_DATA FOR THE TASK_
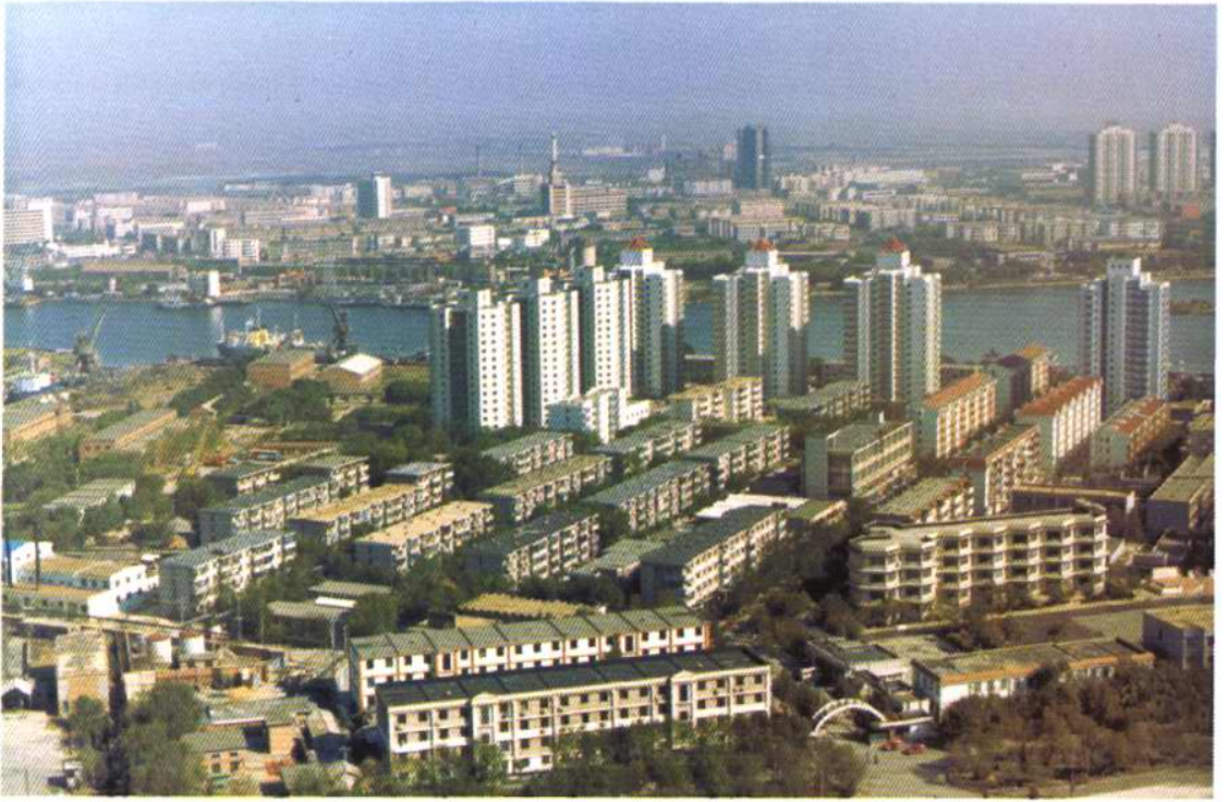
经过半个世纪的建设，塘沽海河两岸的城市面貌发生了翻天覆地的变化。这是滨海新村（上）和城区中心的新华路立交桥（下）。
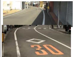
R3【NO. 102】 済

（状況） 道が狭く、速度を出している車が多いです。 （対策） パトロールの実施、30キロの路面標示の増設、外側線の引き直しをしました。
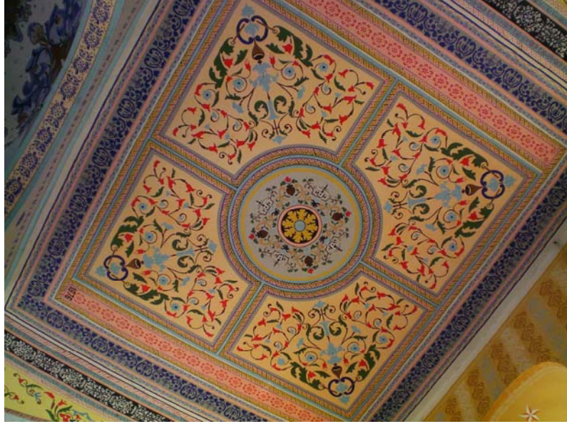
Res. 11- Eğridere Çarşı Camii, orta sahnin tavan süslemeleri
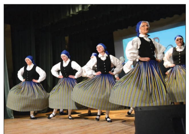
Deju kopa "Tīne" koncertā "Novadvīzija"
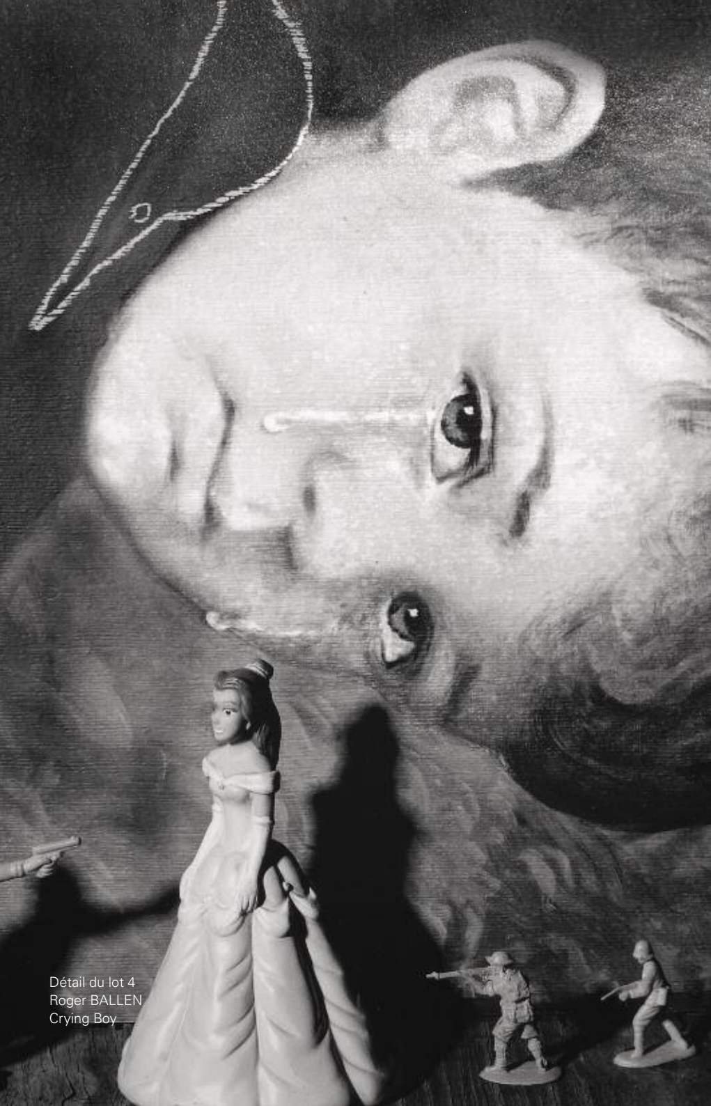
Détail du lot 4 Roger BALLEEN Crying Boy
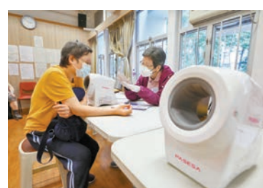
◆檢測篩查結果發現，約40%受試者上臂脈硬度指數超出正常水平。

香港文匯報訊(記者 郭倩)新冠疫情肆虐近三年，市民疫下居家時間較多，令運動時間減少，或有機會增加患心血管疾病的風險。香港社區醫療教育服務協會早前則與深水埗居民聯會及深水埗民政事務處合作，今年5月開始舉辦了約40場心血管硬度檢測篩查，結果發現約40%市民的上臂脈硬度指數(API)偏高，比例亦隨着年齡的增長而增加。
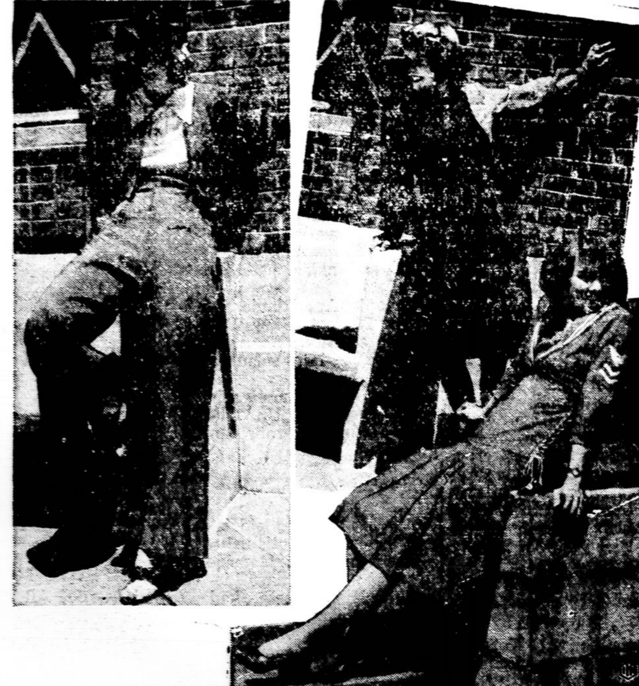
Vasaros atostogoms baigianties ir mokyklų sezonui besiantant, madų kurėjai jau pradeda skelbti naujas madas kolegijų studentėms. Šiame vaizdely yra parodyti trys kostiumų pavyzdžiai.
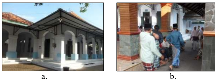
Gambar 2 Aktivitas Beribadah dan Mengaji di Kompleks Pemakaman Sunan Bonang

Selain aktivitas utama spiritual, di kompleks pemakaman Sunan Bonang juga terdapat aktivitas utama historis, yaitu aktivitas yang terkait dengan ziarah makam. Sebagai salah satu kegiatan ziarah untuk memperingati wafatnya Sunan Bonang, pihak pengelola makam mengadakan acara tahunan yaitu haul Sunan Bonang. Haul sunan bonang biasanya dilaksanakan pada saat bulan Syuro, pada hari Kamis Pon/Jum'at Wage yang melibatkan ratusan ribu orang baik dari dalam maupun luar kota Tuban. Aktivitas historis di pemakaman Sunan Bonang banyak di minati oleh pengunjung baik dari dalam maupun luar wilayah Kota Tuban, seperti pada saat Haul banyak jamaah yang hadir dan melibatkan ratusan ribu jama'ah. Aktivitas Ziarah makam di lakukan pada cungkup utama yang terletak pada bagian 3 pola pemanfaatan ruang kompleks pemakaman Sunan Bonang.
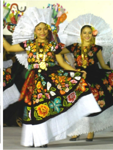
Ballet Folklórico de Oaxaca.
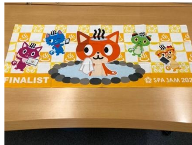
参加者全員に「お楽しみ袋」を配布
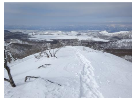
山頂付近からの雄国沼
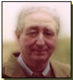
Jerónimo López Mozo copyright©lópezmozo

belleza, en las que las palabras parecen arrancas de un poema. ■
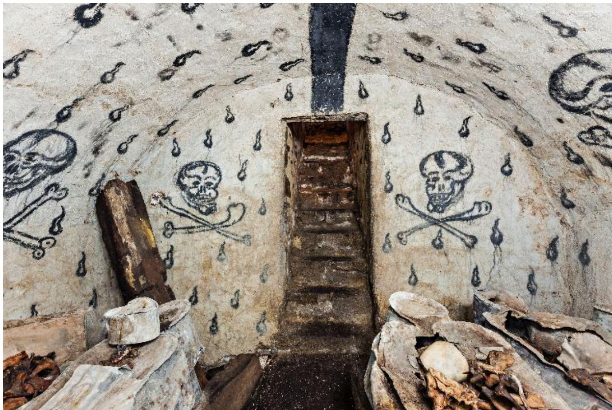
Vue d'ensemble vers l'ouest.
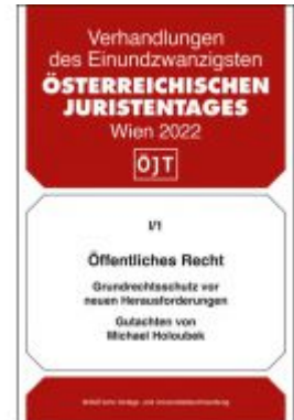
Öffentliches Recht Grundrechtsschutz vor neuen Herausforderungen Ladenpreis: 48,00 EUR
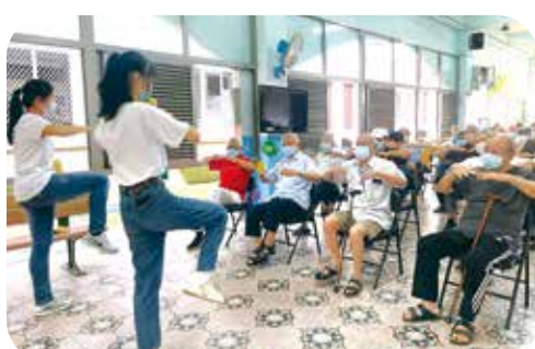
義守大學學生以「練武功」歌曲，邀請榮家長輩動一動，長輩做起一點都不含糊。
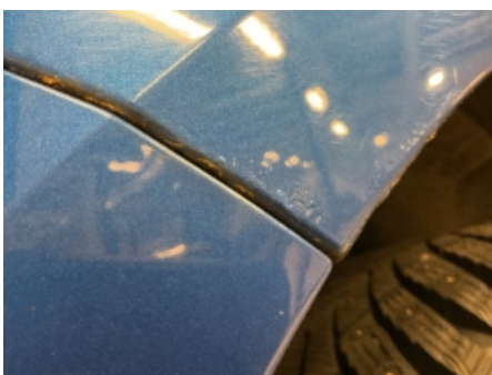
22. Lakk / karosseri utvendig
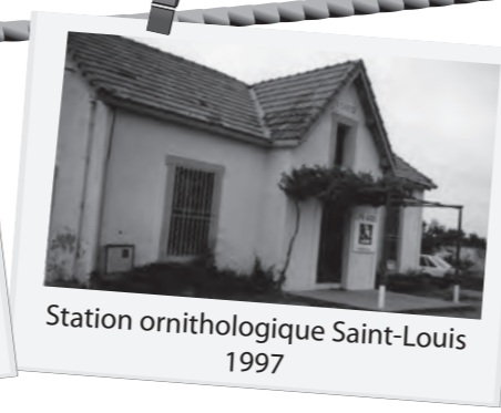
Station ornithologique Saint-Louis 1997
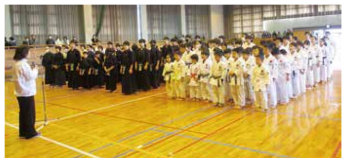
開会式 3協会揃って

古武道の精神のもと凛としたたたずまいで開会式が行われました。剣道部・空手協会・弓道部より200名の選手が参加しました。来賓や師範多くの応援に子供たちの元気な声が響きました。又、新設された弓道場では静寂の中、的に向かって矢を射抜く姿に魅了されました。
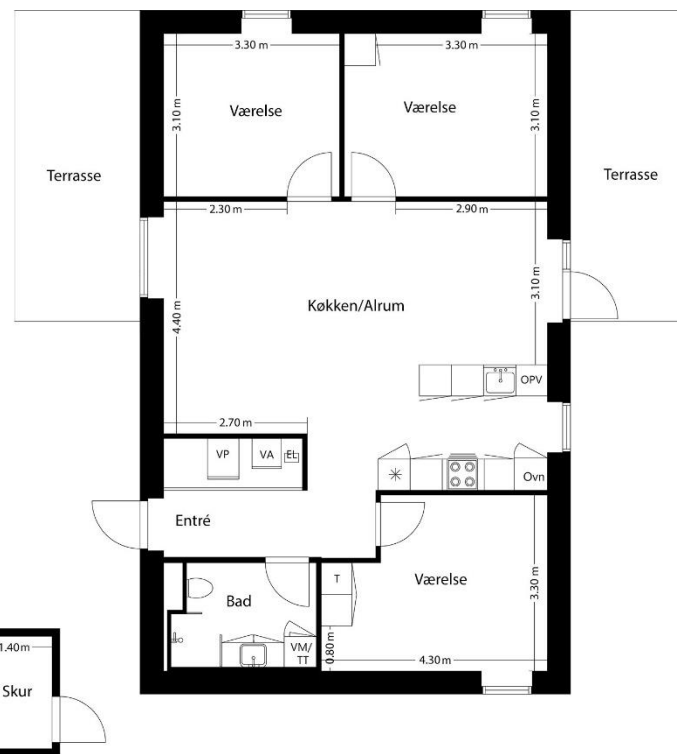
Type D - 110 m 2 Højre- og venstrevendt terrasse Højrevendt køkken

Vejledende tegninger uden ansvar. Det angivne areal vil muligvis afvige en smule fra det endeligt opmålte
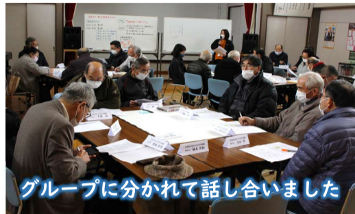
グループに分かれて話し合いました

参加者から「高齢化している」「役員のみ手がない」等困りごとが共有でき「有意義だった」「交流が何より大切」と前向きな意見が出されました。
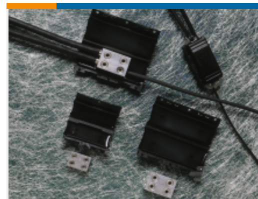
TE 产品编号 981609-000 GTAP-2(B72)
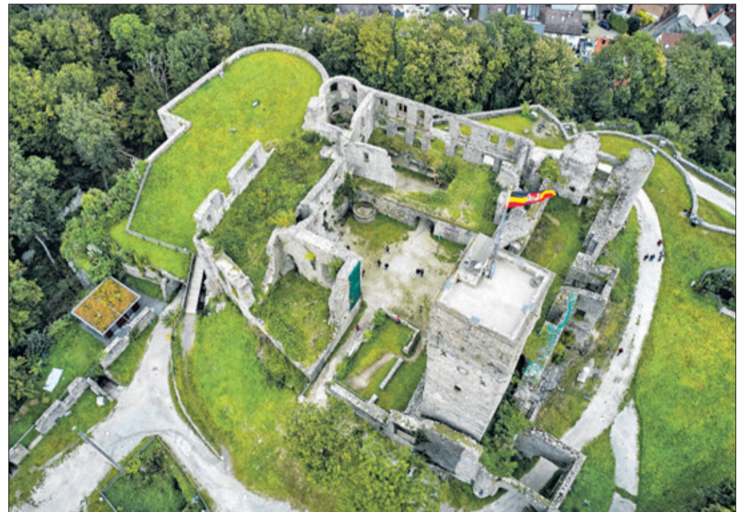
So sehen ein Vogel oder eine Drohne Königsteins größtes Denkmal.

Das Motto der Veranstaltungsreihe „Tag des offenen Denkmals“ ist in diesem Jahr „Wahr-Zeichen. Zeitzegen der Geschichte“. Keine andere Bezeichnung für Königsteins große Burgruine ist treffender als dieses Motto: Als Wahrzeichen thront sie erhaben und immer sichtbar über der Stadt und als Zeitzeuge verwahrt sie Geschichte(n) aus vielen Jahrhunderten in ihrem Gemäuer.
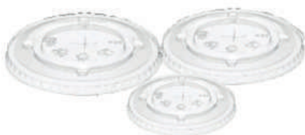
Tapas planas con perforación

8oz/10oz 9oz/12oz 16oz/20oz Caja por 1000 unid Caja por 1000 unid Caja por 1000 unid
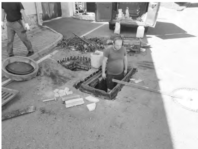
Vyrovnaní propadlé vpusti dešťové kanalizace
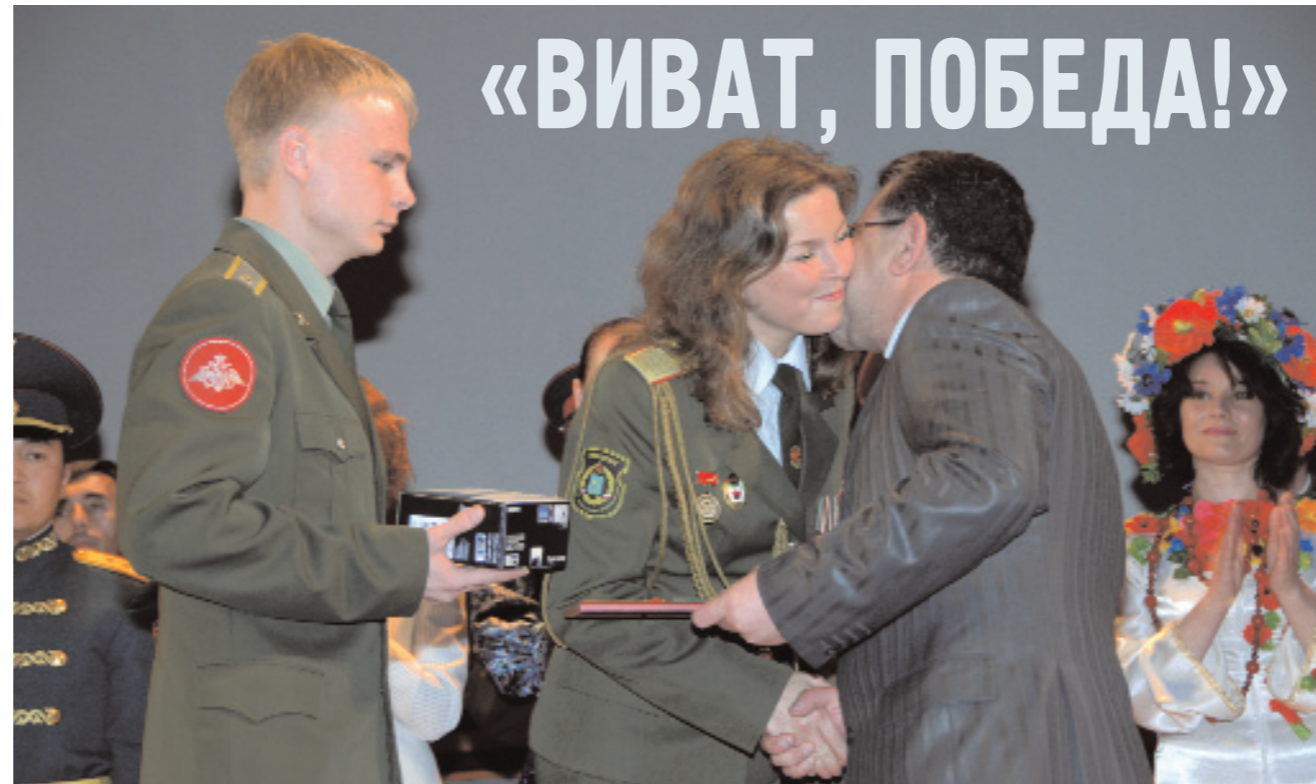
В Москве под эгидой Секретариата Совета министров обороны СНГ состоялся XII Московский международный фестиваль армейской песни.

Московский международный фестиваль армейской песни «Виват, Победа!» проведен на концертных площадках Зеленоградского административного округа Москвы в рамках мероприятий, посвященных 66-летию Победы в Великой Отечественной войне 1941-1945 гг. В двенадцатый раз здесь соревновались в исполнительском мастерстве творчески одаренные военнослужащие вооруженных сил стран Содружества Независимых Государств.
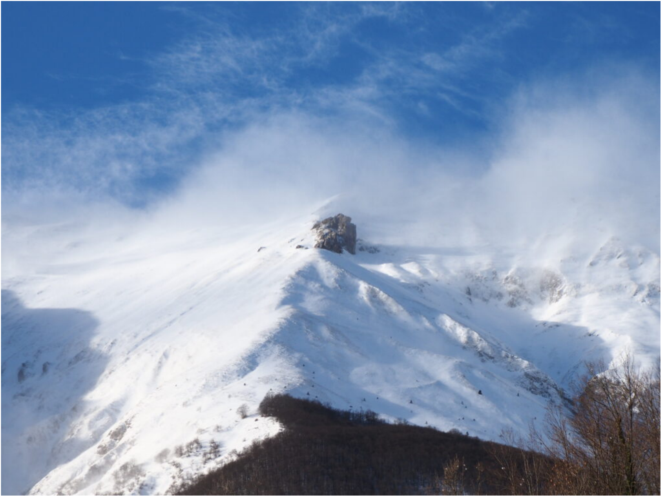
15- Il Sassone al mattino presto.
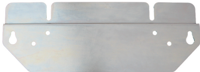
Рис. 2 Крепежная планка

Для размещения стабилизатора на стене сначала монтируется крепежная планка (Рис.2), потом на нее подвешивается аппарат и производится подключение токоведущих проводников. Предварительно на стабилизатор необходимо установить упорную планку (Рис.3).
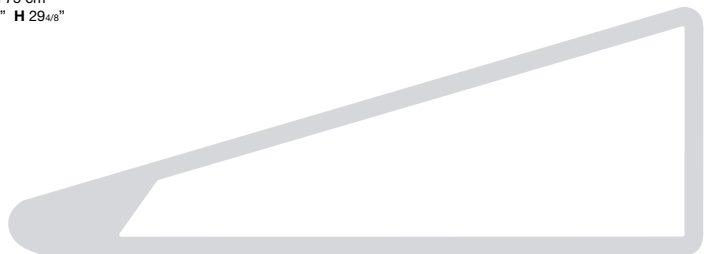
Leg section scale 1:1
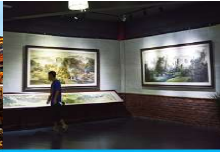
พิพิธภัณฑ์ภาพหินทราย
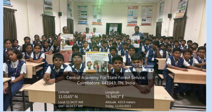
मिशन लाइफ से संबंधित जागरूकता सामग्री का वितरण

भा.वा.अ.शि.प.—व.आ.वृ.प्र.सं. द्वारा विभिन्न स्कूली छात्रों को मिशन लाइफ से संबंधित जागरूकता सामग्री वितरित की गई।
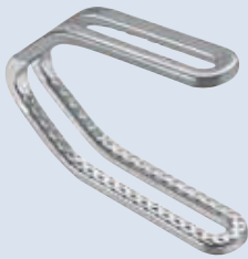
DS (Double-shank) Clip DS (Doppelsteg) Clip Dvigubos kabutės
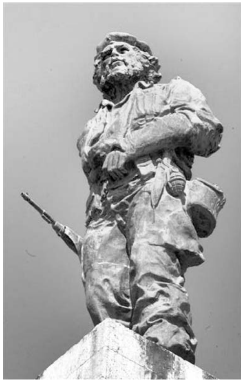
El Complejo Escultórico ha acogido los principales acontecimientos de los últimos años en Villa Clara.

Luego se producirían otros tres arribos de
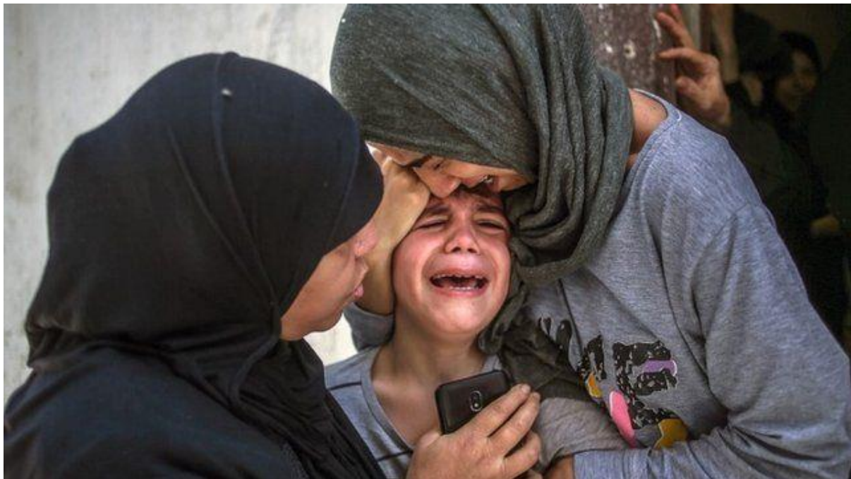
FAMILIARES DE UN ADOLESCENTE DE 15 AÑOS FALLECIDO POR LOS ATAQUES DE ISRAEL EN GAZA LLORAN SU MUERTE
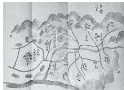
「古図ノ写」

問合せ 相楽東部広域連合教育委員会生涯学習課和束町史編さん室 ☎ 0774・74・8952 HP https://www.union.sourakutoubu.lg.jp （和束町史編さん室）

_BRIEF_
Only one stretch of the material above is wanted: the line containing "参加者全員に「お楽しみ袋」を配布" through the line containing "古武道の精神のもと凛としたた". Restate it word for word, minus the pictures.

_RESPONSE TO THE TASK_
参加者全員に「お楽しみ袋」を配布
山頂付近からの雄国沼
Jerónimo López Mozo copyright©lópezmozo

belleza, en las que las palabras parecen arrancas de un poema. ■
Vue d'ensemble vers l'ouest.
Öffentliches Recht Grundrechtsschutz vor neuen Herausforderungen Ladenpreis: 48,00 EUR
義守大學學生以「練武功」歌曲，邀請榮家長輩動一動，長輩做起一點都不含糊。
22. Lakk / karosseri utvendig
Station ornithologique Saint-Louis 1997
開会式 3協会揃って

古武道の精神のもと凛としたたたずまいで開会式が行われました。剣道部・空手協会・弓道部より200名の選手が参加しました。来賓や師範多くの応援に子供たちの元気な声が響きました。又、新設された弓道場では静寂の中、的に向かって矢を射抜く姿に魅了されました。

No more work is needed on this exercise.